### PROBLEM STATEMENT
Entries follow. Give back exactly the lines starting at the one containing "A schematic plan" and ending at the one containing "我们知道,Android系统", and no other lines.

Segment Start: SUPPLIED DATA

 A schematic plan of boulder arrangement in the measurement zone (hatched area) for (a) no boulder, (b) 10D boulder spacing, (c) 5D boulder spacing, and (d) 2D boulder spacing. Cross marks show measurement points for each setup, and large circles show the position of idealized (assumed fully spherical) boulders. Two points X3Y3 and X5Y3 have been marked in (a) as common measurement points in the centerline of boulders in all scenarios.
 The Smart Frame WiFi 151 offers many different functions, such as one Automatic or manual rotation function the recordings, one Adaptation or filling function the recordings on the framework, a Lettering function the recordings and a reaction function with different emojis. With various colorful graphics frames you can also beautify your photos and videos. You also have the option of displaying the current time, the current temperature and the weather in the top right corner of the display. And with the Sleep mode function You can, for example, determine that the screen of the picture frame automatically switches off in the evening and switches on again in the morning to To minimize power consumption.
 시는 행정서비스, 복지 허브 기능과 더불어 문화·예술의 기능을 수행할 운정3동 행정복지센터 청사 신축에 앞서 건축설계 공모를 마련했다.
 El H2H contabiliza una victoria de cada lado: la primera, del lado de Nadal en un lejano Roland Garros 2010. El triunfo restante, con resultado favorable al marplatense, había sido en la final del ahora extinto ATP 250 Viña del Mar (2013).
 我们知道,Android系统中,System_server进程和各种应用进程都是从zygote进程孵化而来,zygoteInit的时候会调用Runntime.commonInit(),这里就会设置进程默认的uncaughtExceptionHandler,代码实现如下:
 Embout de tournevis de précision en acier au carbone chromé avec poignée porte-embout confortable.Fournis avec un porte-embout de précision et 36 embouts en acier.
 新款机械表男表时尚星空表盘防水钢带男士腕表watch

Segment End: SUPPLIED DATA
Segment Start: SUPPLIED DATA

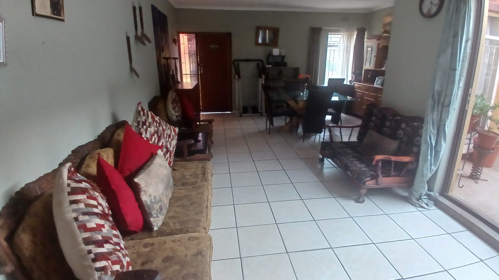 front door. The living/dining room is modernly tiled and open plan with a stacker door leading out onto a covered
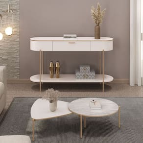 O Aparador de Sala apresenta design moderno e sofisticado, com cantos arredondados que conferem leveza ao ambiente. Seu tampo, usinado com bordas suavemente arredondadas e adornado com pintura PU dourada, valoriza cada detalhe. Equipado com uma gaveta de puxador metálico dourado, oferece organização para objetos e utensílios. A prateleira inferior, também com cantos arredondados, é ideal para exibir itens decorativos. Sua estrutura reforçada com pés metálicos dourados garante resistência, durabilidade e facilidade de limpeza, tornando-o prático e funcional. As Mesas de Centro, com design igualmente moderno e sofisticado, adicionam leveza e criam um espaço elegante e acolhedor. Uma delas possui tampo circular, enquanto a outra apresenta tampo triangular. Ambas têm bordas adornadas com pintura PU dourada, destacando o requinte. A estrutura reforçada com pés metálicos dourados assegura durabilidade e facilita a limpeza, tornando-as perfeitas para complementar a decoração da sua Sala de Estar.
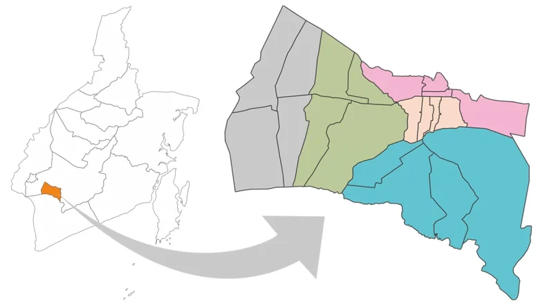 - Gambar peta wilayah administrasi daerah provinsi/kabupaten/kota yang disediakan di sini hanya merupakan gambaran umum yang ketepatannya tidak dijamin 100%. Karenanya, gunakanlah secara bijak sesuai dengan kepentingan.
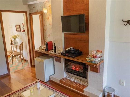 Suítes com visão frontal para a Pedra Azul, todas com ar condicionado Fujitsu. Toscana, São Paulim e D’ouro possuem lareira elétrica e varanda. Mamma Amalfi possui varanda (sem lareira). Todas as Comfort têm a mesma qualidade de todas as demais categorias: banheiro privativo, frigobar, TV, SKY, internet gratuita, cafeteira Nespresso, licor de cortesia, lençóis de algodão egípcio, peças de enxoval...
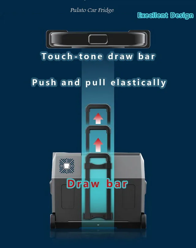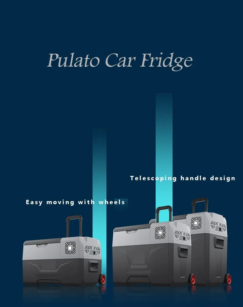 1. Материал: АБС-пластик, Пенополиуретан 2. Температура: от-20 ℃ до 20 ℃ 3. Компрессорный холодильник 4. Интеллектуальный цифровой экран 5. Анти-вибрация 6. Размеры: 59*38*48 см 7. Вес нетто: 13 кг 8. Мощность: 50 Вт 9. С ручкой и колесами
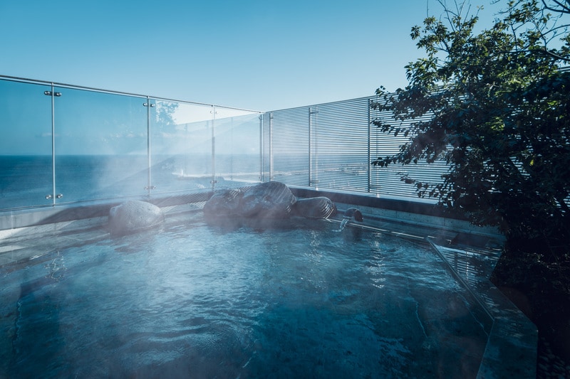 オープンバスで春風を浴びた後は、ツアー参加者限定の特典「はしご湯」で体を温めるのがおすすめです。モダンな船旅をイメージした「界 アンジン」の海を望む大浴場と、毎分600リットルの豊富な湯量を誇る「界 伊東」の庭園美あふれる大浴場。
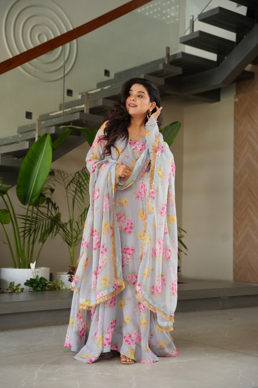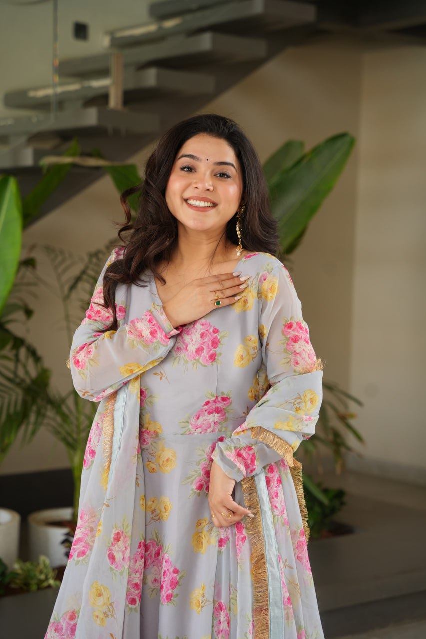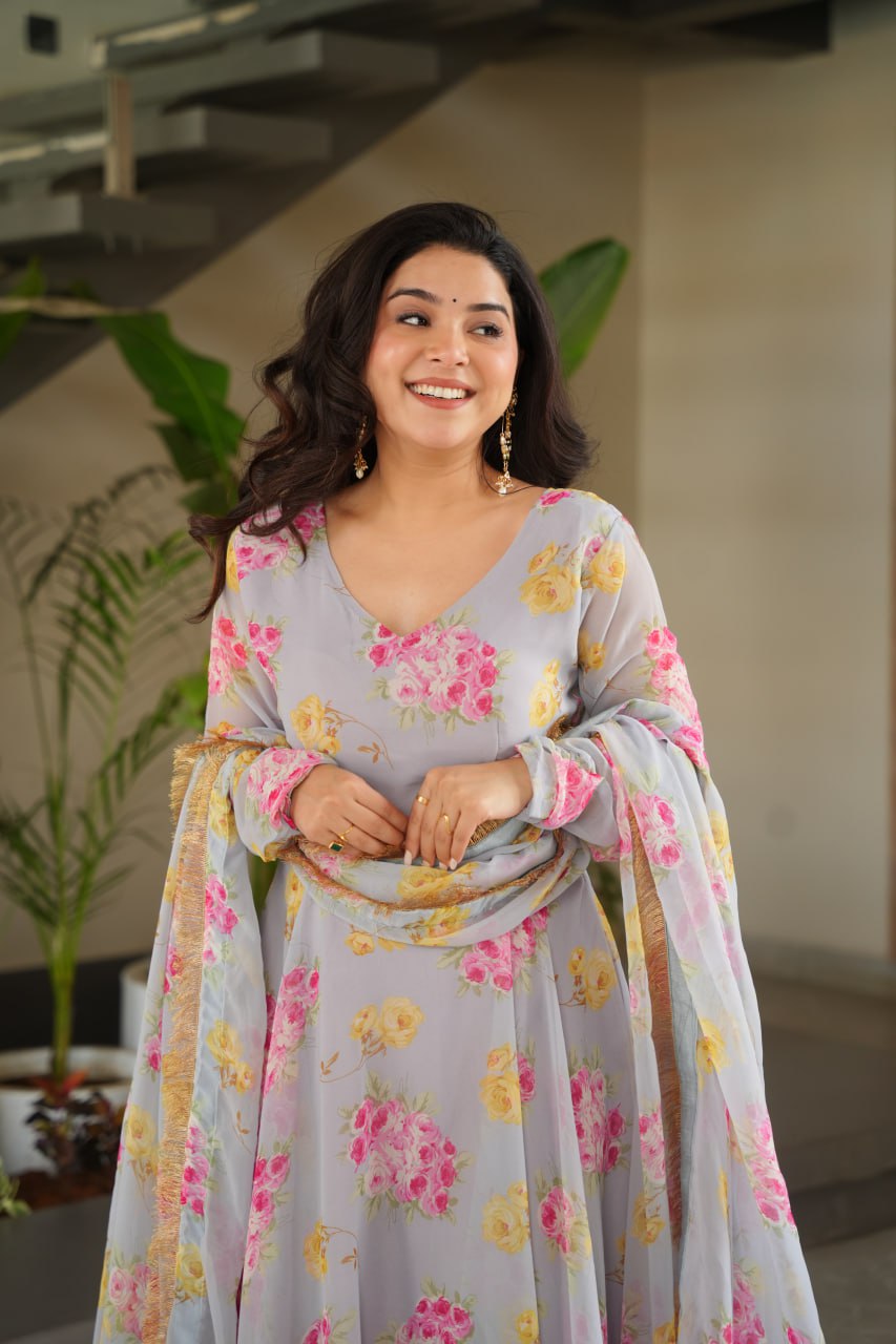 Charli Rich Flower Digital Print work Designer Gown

Segment End: SUPPLIED DATA
Segment Start: SUPPLIED DATA

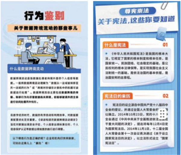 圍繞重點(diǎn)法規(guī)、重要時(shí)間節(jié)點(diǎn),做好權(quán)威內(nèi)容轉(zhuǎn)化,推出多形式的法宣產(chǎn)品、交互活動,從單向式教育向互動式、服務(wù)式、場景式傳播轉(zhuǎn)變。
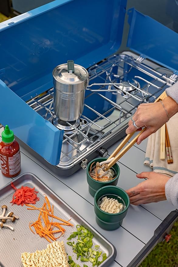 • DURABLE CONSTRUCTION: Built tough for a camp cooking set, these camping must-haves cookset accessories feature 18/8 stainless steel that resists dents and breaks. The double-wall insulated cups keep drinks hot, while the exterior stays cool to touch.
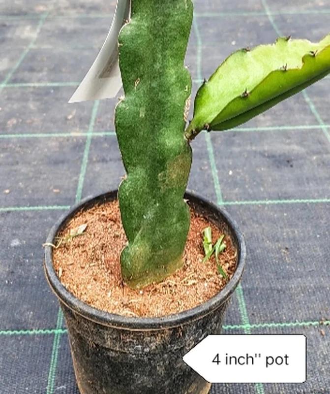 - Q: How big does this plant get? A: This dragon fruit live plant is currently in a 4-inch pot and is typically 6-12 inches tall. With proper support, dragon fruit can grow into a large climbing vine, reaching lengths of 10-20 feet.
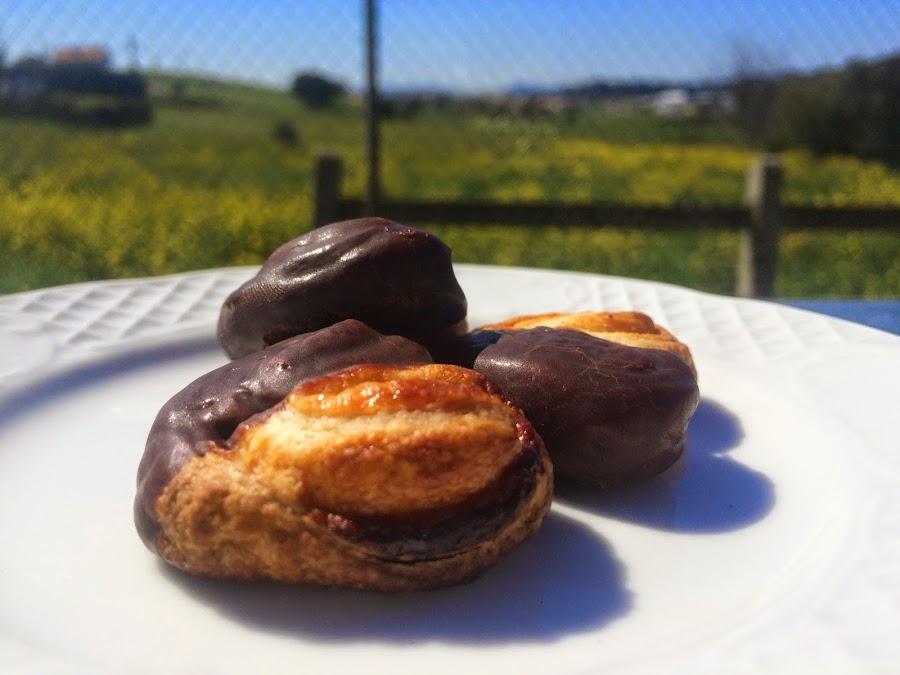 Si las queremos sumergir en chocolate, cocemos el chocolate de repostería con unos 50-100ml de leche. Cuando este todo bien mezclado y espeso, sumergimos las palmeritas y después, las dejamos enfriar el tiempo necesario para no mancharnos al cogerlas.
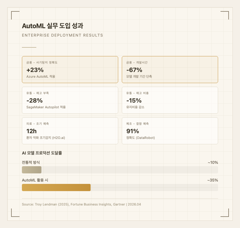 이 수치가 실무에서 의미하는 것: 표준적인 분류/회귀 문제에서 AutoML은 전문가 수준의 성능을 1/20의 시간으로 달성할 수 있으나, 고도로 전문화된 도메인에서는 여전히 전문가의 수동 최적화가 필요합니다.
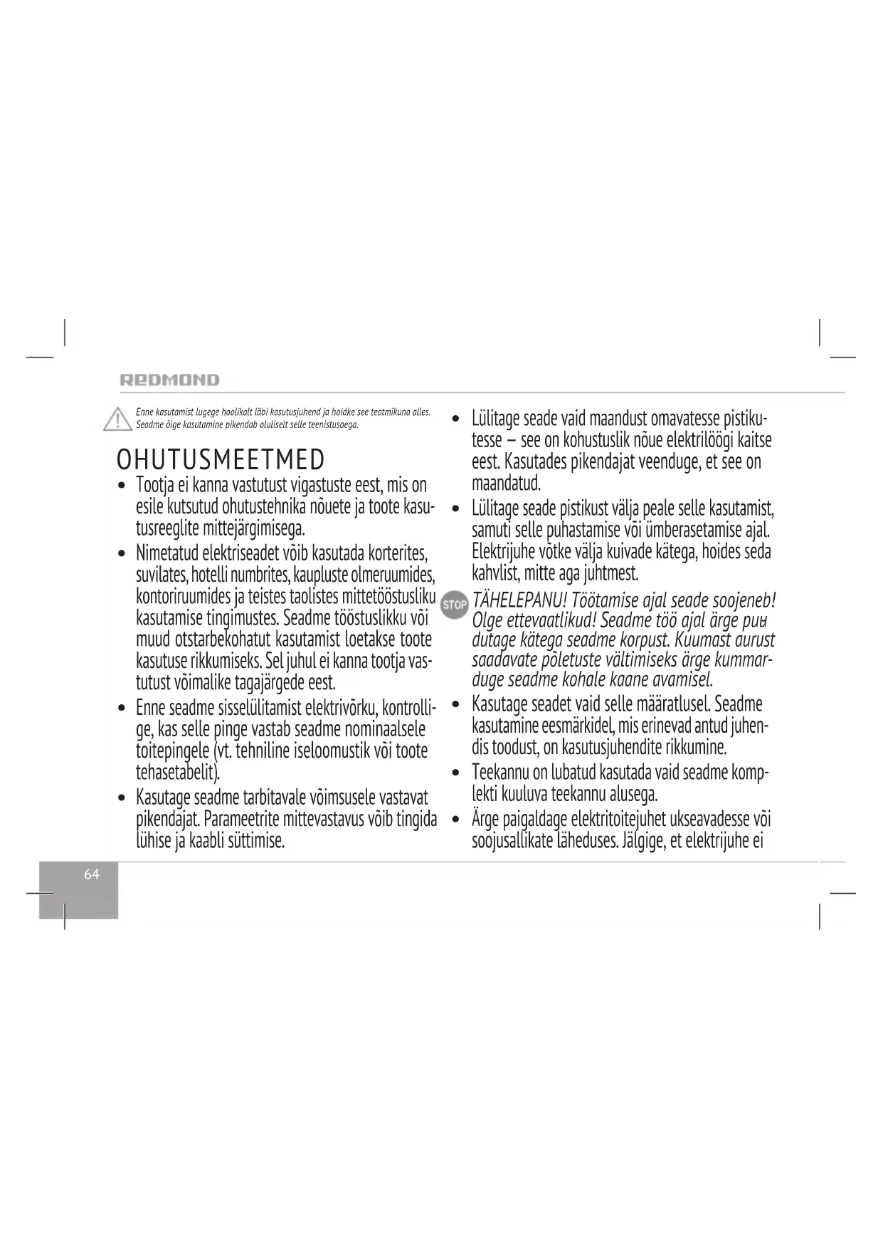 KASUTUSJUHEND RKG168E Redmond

Segment End: SUPPLIED DATA

### TASK OUTPUT
 A schematic plan of boulder arrangement in the measurement zone (hatched area) for (a) no boulder, (b) 10D boulder spacing, (c) 5D boulder spacing, and (d) 2D boulder spacing. Cross marks show measurement points for each setup, and large circles show the position of idealized (assumed fully spherical) boulders. Two points X3Y3 and X5Y3 have been marked in (a) as common measurement points in the centerline of boulders in all scenarios.
 The Smart Frame WiFi 151 offers many different functions, such as one Automatic or manual rotation function the recordings, one Adaptation or filling function the recordings on the framework, a Lettering function the recordings and a reaction function with different emojis. With various colorful graphics frames you can also beautify your photos and videos. You also have the option of displaying the current time, the current temperature and the weather in the top right corner of the display. And with the Sleep mode function You can, for example, determine that the screen of the picture frame automatically switches off in the evening and switches on again in the morning to To minimize power consumption.
 시는 행정서비스, 복지 허브 기능과 더불어 문화·예술의 기능을 수행할 운정3동 행정복지센터 청사 신축에 앞서 건축설계 공모를 마련했다.
 El H2H contabiliza una victoria de cada lado: la primera, del lado de Nadal en un lejano Roland Garros 2010. El triunfo restante, con resultado favorable al marplatense, había sido en la final del ahora extinto ATP 250 Viña del Mar (2013).
 我们知道,Android系统中,System_server进程和各种应用进程都是从zygote进程孵化而来,zygoteInit的时候会调用Runntime.commonInit(),这里就会设置进程默认的uncaughtExceptionHandler,代码实现如下:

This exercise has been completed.